The FBI isn't saying "normal people are at risk from FaceApp" but "US intelligence is at risk from the use of FaceApp". In the (very short) linked letter, it specifically calls out "elected officials, candidates, political campaigns, [and] political parties".
Considering all US intelligence agencies unanimously agree that Russia already attacked US candidates and political parties in the past, saying "yeah but everyone does it" is about as off-topic of a remark as you can get. To my knowledge the FBI has never publicly disclosed Australia's efforts to meddle in US elections.
How any US serving member is allowed to use facebook or random apps is beyond me. The entire premise here is absurd. Of course it is a risk, just like the app partially owned by tencent that one of the most popular sites in the world insists you install when browsing on mobile.
Australians legally do metadata and spying better than everyone else on many metrics and then share it with the multiple eyes. Something to remember when the media is whipping up a threat frenzy.
Given Australia's treatment of whistleblowers and slow descent into authoritarianism, I very much envy the few protections Americans take for granted.
Aren't all threats potential threats, until they are actual? I dunno, maybe the FBI has a formal delineation between potential threat, threat, and . . . whatever is after that. But I doubt it.
Notably ES File Explorer was recently removed form the Google play store because of suspicious behavior. One of the most popular Android file managers.
I bought microSD reader off Amazon, which has two dongle ends, one USB type A for a computer, one Lightning, for my iPhone. According to the included instructions, it required me to download an app (from the Apple app store) to use on the the iPhone. I didn't trust the App, even with Apple's scans, so I ended up using it with my already-owned Camera Connection Kit (Lightning to USB Host) adapter just fine. The name of the app was something very similar, if not identical, to that name, which is what reminded me of it.
It seems fishy that the Apple provided Files app didn't recognized my SD card
Someone please correct me if I'm mistaken, but this is/was a limitation imposed by Apple before iOS 13. On iOS 13 (on an ipad pro at least) you can now access an SD card via files, but before that it was Photos or a bespoke app from the manufacturer only. I've not tried on an iphone recently.
I wouldn't be surprised if this app collected much less data than the Facebook cancer. Facebook is not only stalking you through its main app but its other brands (Insta, WhatsApp, etc which a lot of people don't even know they're owned by FB) as well as unrelated third-party apps & websites that embed their malicious SDKs.
Facebook is an industrial-scale stalking operation.
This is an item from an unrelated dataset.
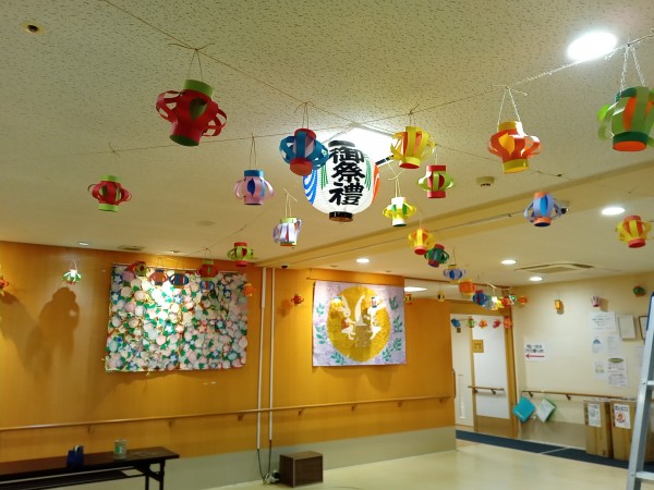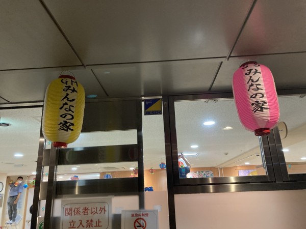 様々なちょうちんを飾り付けして、ご利用者様手書きの看板を設置したら思わず達成感でいっぱいになりました!

I doubt FaceApp (or frankly any government actor) could pull off something like that even if they wanted to.
The face picture is not really the problem. The app slurps other data from the device, such as log files, cookies, identifiers, etc. Of course, this app is probably not dissimilar to many of the other 2.5 million Android, 1.8 million Apple, 0.7 million Windows, and 0.5 million Amazon apps. https://www.statista.com/statistics/276623/number-of-apps-av...
It's not better to have your face or other data in a database within reach of your own government. Your government has power over you, other governments do not.
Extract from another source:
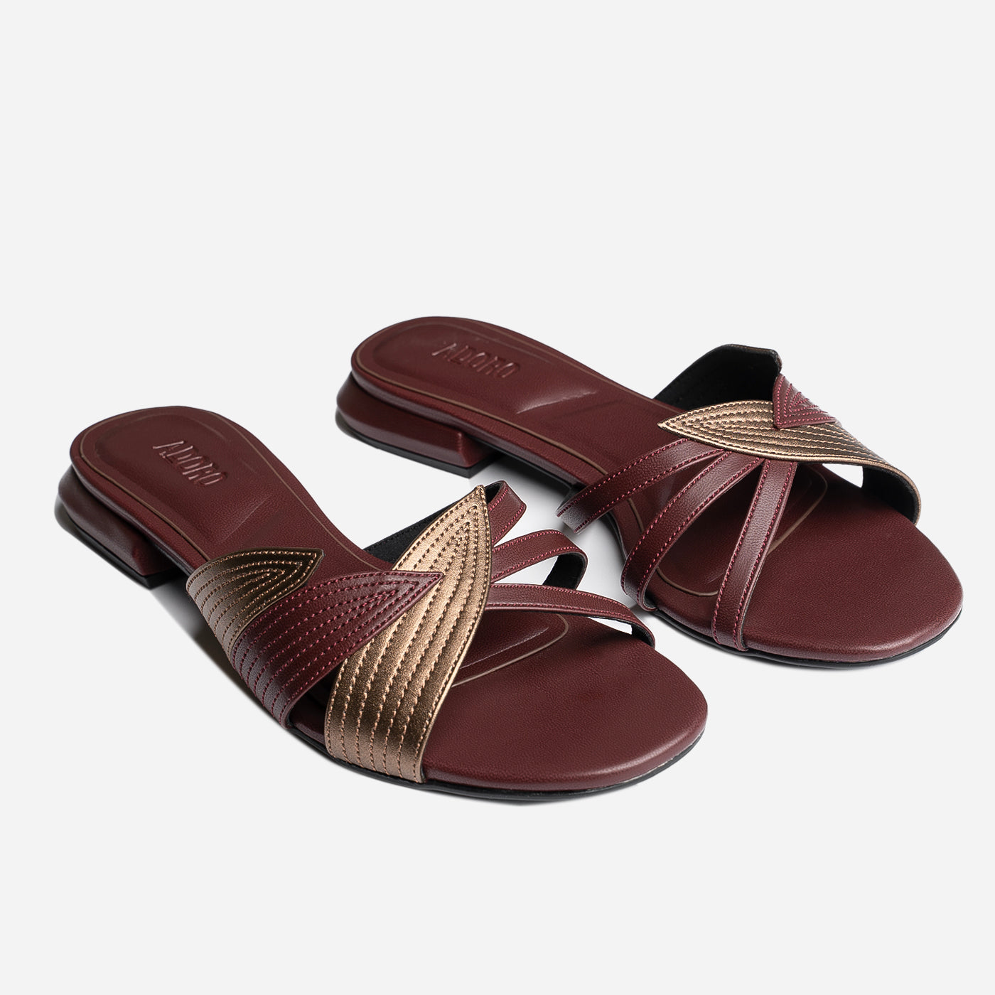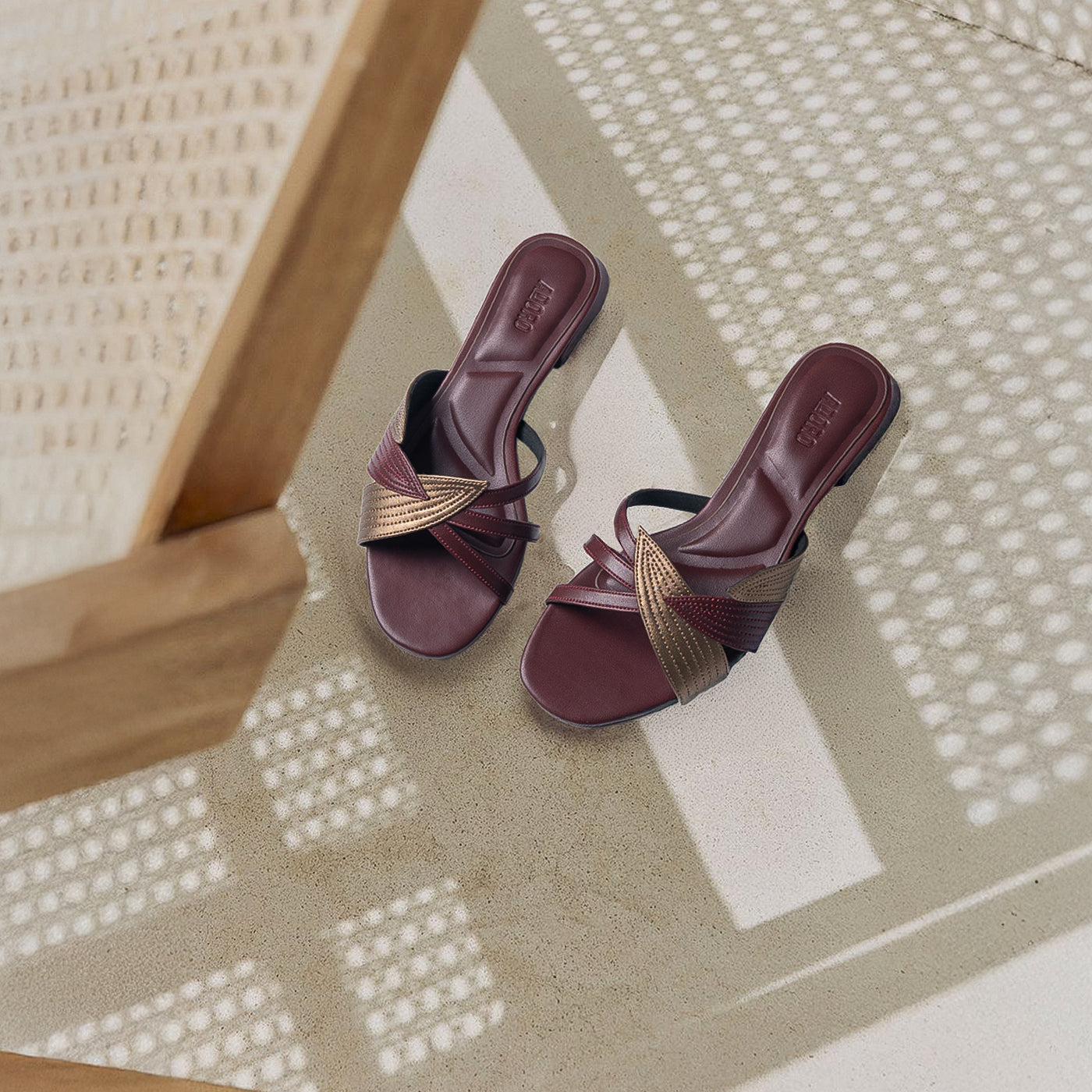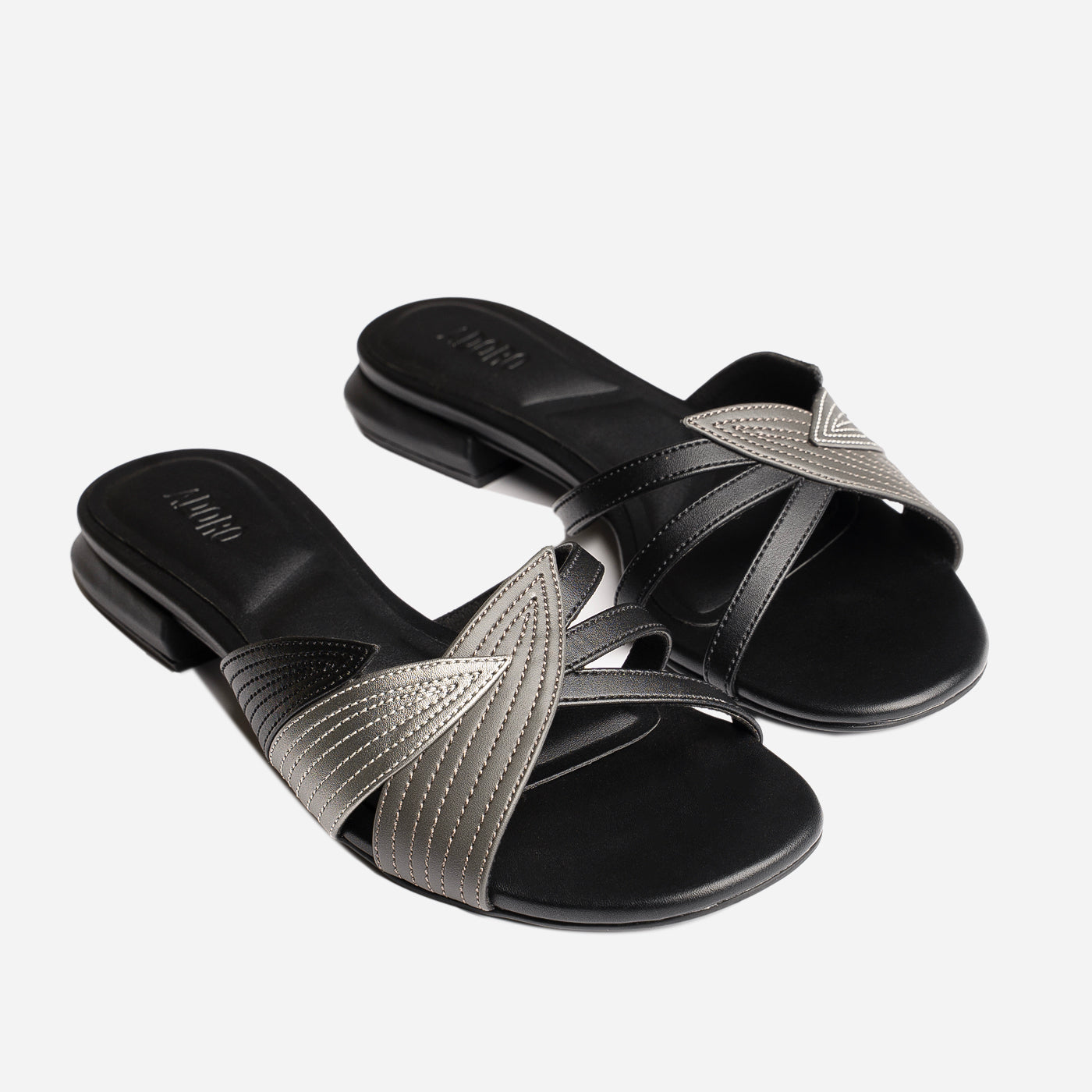 A stylish blend of tradition and modern flair these slip-ons feature elegant overlapping straps with intricate stitched accents, adding a refined touch to your everyday look. Lightweight and effortlessly chic, they bring comfort and charm to every step.

The FBI very specifically is concerned about public/elected officials. You don't think other governments might be interested in data about elected officials?
There is no threat model for an iPhone app to do nefarious things in an App Store distributed app on a non-jailbroken phone. At most, FaceApp grabs the picture you uploaded and some minor meta-data that every app using an analytics tool (read: all of them) collects.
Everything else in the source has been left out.